> Excerpts from a dataset:
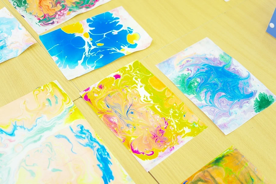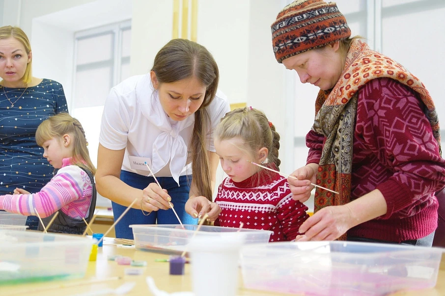В «Art-мастерской сознания» благодаря Натальи Бакулиной, кандидату культурологии, доцента кафедры теории и методики начального и дошкольного обучения семьи получили сеанс акватерапии с использованием необычной техники изобразительного искусства ЭБРУ.
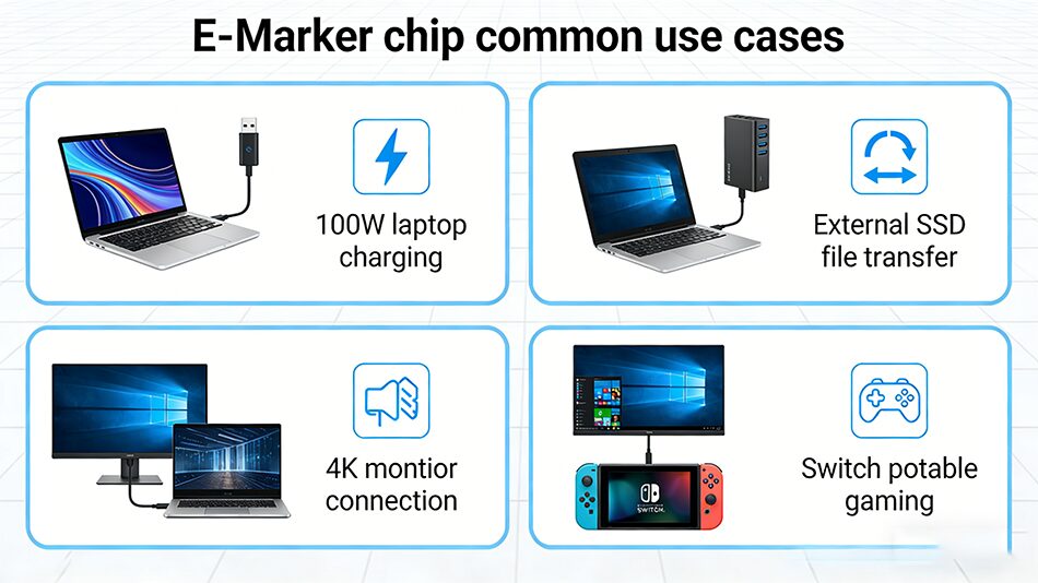 Any time you connect a device to a monitor, TV, or portable display via USB-C Alt Mode, you need an E-Marker to carry the video signal. Non-E-Marker cables can’t support video output, which is the #1 cause of “no signal” errors for USB-C displays. - High-performance accessories
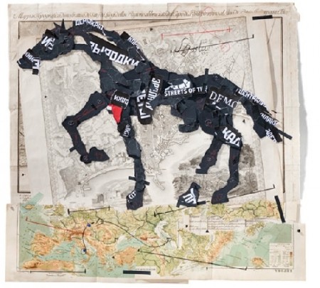Si tratta di opere legate alla serie degli Horse e Nose tapestries, proseguimento ideale della Porter Series, gruppo di lavori di dimensioni più contenute che presentano ombre in processione proiettate su carte geografiche, realizzati dall’artista a partire dal 2001. Se la prima serie – dichiara l’artista – raffigurava “porters”, questa è equestre. Si tratta di figure equestri antieroiche, in una crociata senza speranza attraverso la storia, cavalieri e cavalli in cerca di una terra promessa, piuttosto che della Terra Promessa”.
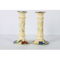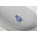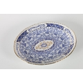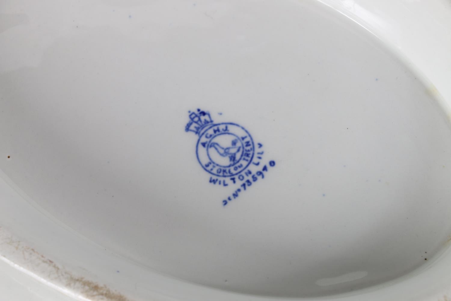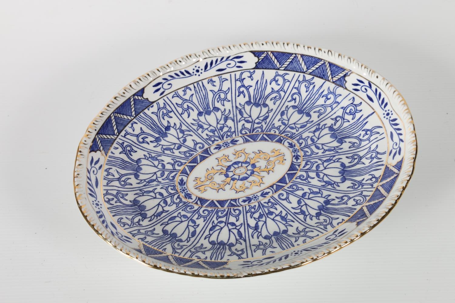 1920's A J Harley Jones Wilton Lily tazza, decorated with blue and gilt Morris inspired pattern on white ground, 28.5cm long x 23cm wide x 5.5cm high.
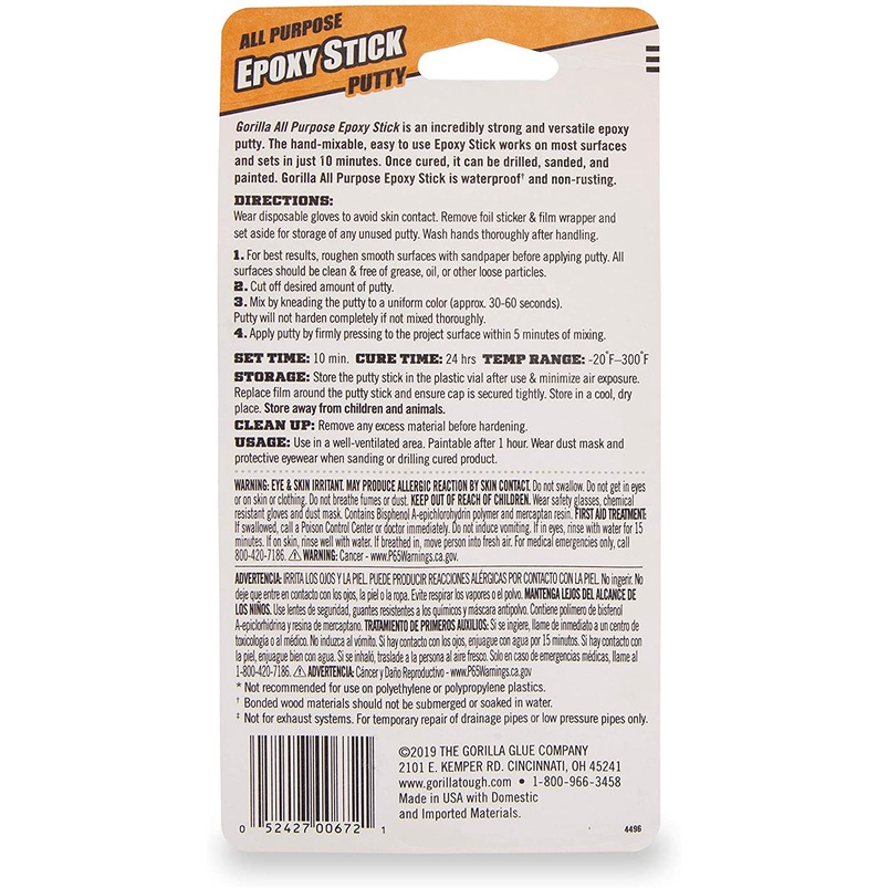 Gorilla Epoxy Putty Stick (2oz) 4242502
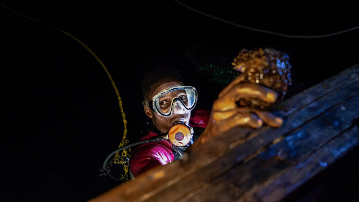 These objects are hidden in silt during the day and go out at night to move across the ocean floor, to feed on the decomposing materials. On the back of the boat, the 25-year-old Omladi Jones also sits sweat in the full-time diving suit- on the tip of the boat and looks at the dark water.
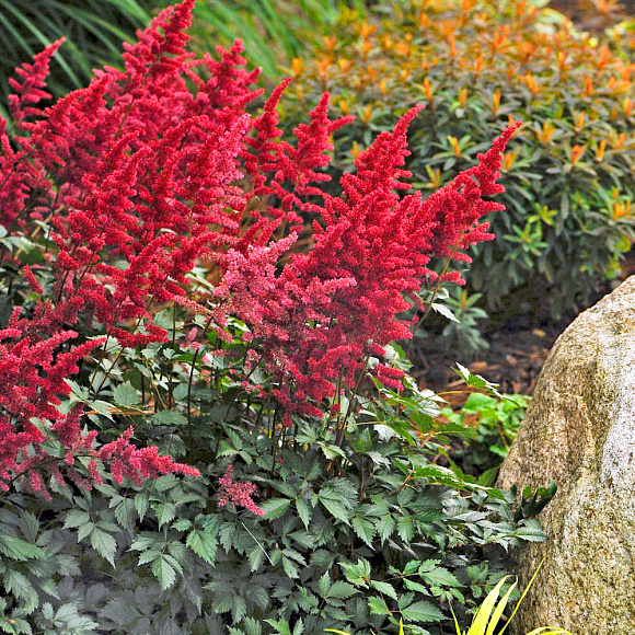 Невероятно эффектные пушистые метелки-соцветия красно-малинового цвета на фоне ажурной глянцевой листвы уже почти столетие украшают садовые и парковые ландшафты. Прямостоячие красноватые побеги добавляют растению особую декоративность. Хорошо смотрятся в срезке. Нежный сладко-медовый аромат привлекает большое количество бабочек и других насекомых-опылителей. Высаживают астильбу группами для формирования бордюров и клумб, для оживления каменистой местности, для добавления яркого акцента на фоне зеленых лиственных кустарников и хвойных деревьев. Идеальное место для посадки данного сорта – легкая полутень, особенно вблизи водоема. Влажный воздух способствует сохранению ярко выраженных цветовых оттенков на протяжении всего сезона. Не требует особого ухода, в средней полосе России прекрасно зимует под снегом.
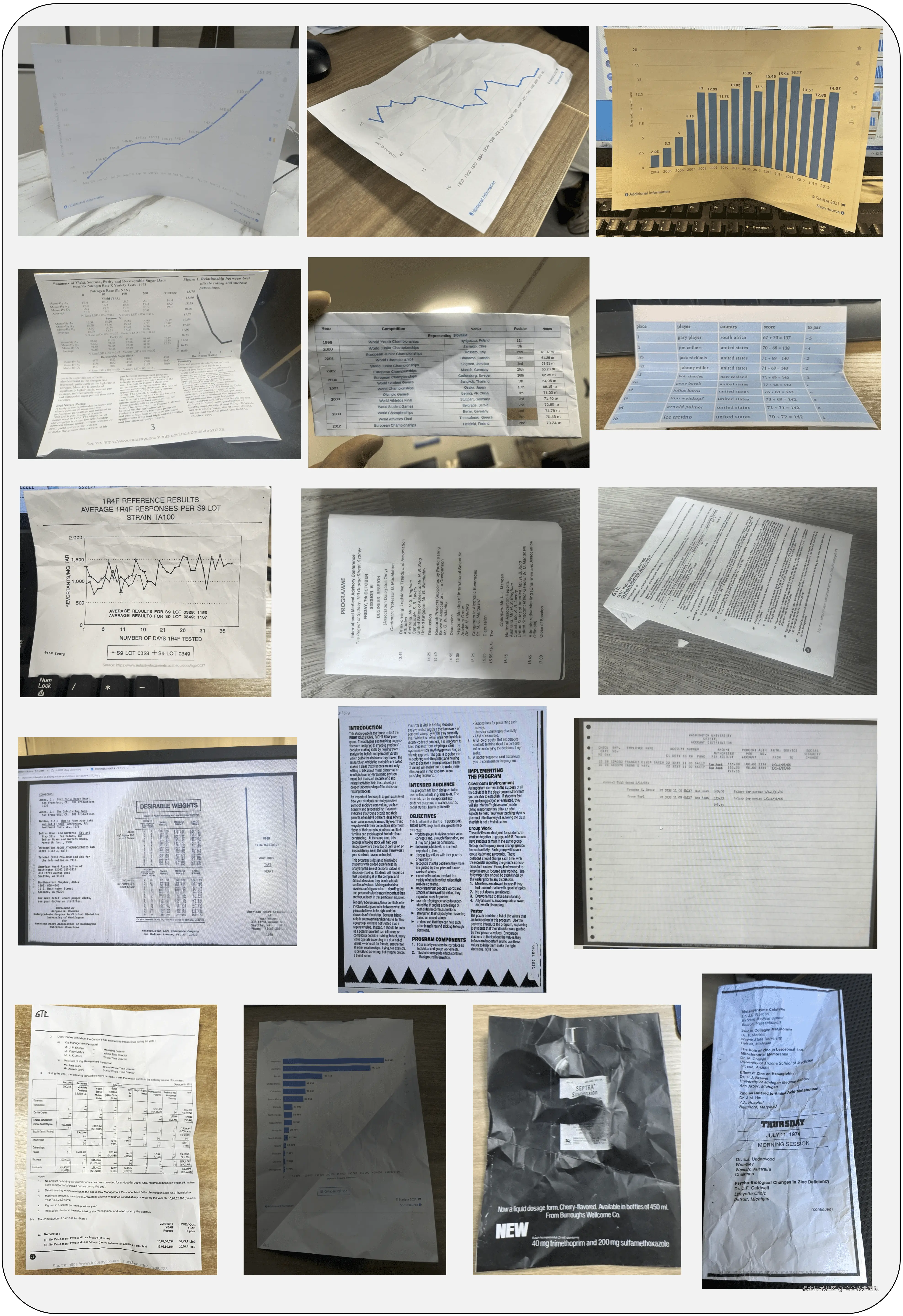 以 TextIn xParse 为例,我们选取了 WildDoc 数据集中的部分有代表性的样本进行测试,来看一下识别结果:
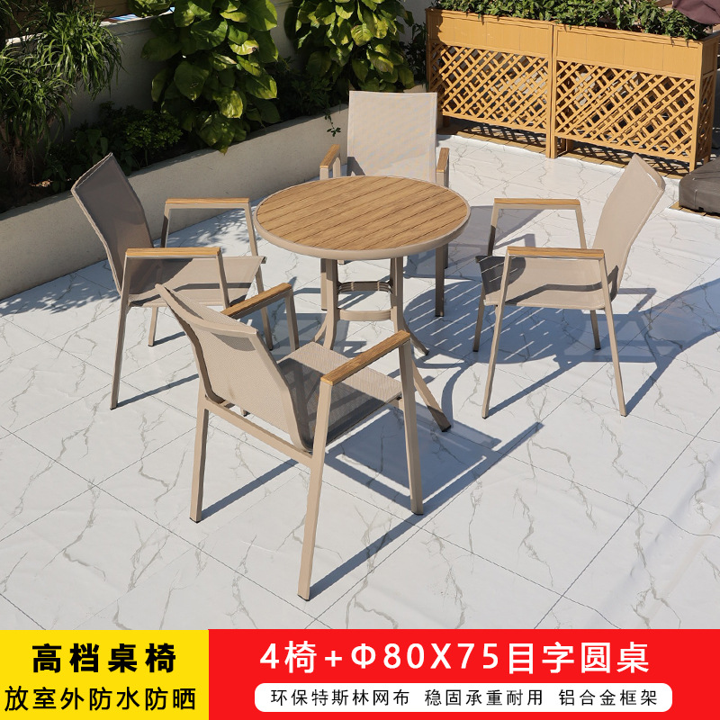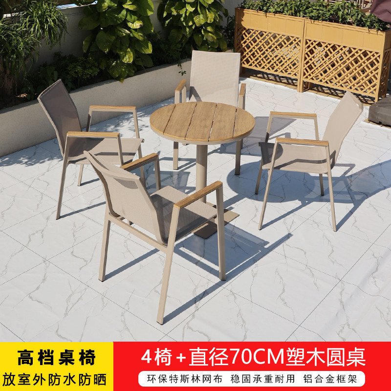 • 4 의자 직경 80CM 메쉬 단어 플라스틱 나무 원형 테이블
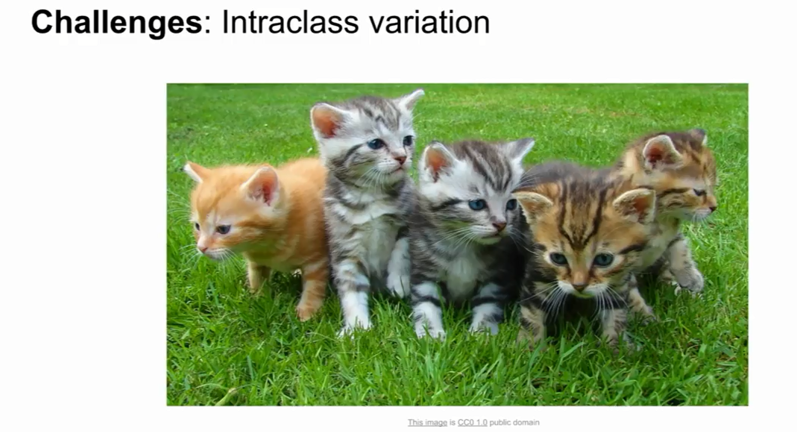 여섯번째 주의할 점은 Intraclass variation, 즉 하나의 클래스 내에도 다양성이 존재할 수 있다는 것이다. 예를 들어, 고양이에 따라 생김새, 크기, 색, 나이가 각양각색인 것이다.
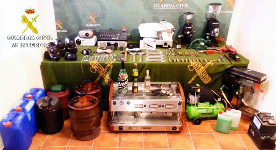 Realizándose un registro de la misma se incautaron 300 litros de gasóleo, 2 baterías, 10 litros de anticongelante, gran cantidad de herramientas de mano, un compresor, una taladradora industrial de columna, un cortasetos, dos proyectores, tres flashes de discoteca, una mesa de mezclas, un amplificador, un micrófono, dos auriculares, una linterna, una cafetera industrial, dos molinos de café industriales, dos taladros percutores, varias botellas de bebidas alcohólicas, procedentes de varios robos y reconocidos posteriormente por sus legítimos propietarios, valorado todo ello en 15.500 euros.

> WHAT IS EXPECTED: Reproduce every line above as written, skipping pictures.

> RESPONSE:
В «Art-мастерской сознания» благодаря Натальи Бакулиной, кандидату культурологии, доцента кафедры теории и методики начального и дошкольного обучения семьи получили сеанс акватерапии с использованием необычной техники изобразительного искусства ЭБРУ.
 Any time you connect a device to a monitor, TV, or portable display via USB-C Alt Mode, you need an E-Marker to carry the video signal. Non-E-Marker cables can’t support video output, which is the #1 cause of “no signal” errors for USB-C displays. - High-performance accessories
Si tratta di opere legate alla serie degli Horse e Nose tapestries, proseguimento ideale della Porter Series, gruppo di lavori di dimensioni più contenute che presentano ombre in processione proiettate su carte geografiche, realizzati dall’artista a partire dal 2001. Se la prima serie – dichiara l’artista – raffigurava “porters”, questa è equestre. Si tratta di figure equestri antieroiche, in una crociata senza speranza attraverso la storia, cavalieri e cavalli in cerca di una terra promessa, piuttosto che della Terra Promessa”.
 1920's A J Harley Jones Wilton Lily tazza, decorated with blue and gilt Morris inspired pattern on white ground, 28.5cm long x 23cm wide x 5.5cm high.
 Gorilla Epoxy Putty Stick (2oz) 4242502
 These objects are hidden in silt during the day and go out at night to move across the ocean floor, to feed on the decomposing materials. On the back of the boat, the 25-year-old Omladi Jones also sits sweat in the full-time diving suit- on the tip of the boat and looks at the dark water.
 Невероятно эффектные пушистые метелки-соцветия красно-малинового цвета на фоне ажурной глянцевой листвы уже почти столетие украшают садовые и парковые ландшафты. Прямостоячие красноватые побеги добавляют растению особую декоративность. Хорошо смотрятся в срезке. Нежный сладко-медовый аромат привлекает большое количество бабочек и других насекомых-опылителей. Высаживают астильбу группами для формирования бордюров и клумб, для оживления каменистой местности, для добавления яркого акцента на фоне зеленых лиственных кустарников и хвойных деревьев. Идеальное место для посадки данного сорта – легкая полутень, особенно вблизи водоема. Влажный воздух способствует сохранению ярко выраженных цветовых оттенков на протяжении всего сезона. Не требует особого ухода, в средней полосе России прекрасно зимует под снегом.
 以 TextIn xParse 为例,我们选取了 WildDoc 数据集中的部分有代表性的样本进行测试,来看一下识别结果:
 • 4 의자 직경 80CM 메쉬 단어 플라스틱 나무 원형 테이블
 여섯번째 주의할 점은 Intraclass variation, 즉 하나의 클래스 내에도 다양성이 존재할 수 있다는 것이다. 예를 들어, 고양이에 따라 생김새, 크기, 색, 나이가 각양각색인 것이다.
 Realizándose un registro de la misma se incautaron 300 litros de gasóleo, 2 baterías, 10 litros de anticongelante, gran cantidad de herramientas de mano, un compresor, una taladradora industrial de columna, un cortasetos, dos proyectores, tres flashes de discoteca, una mesa de mezclas, un amplificador, un micrófono, dos auriculares, una linterna, una cafetera industrial, dos molinos de café industriales, dos taladros percutores, varias botellas de bebidas alcohólicas, procedentes de varios robos y reconocidos posteriormente por sus legítimos propietarios, valorado todo ello en 15.500 euros.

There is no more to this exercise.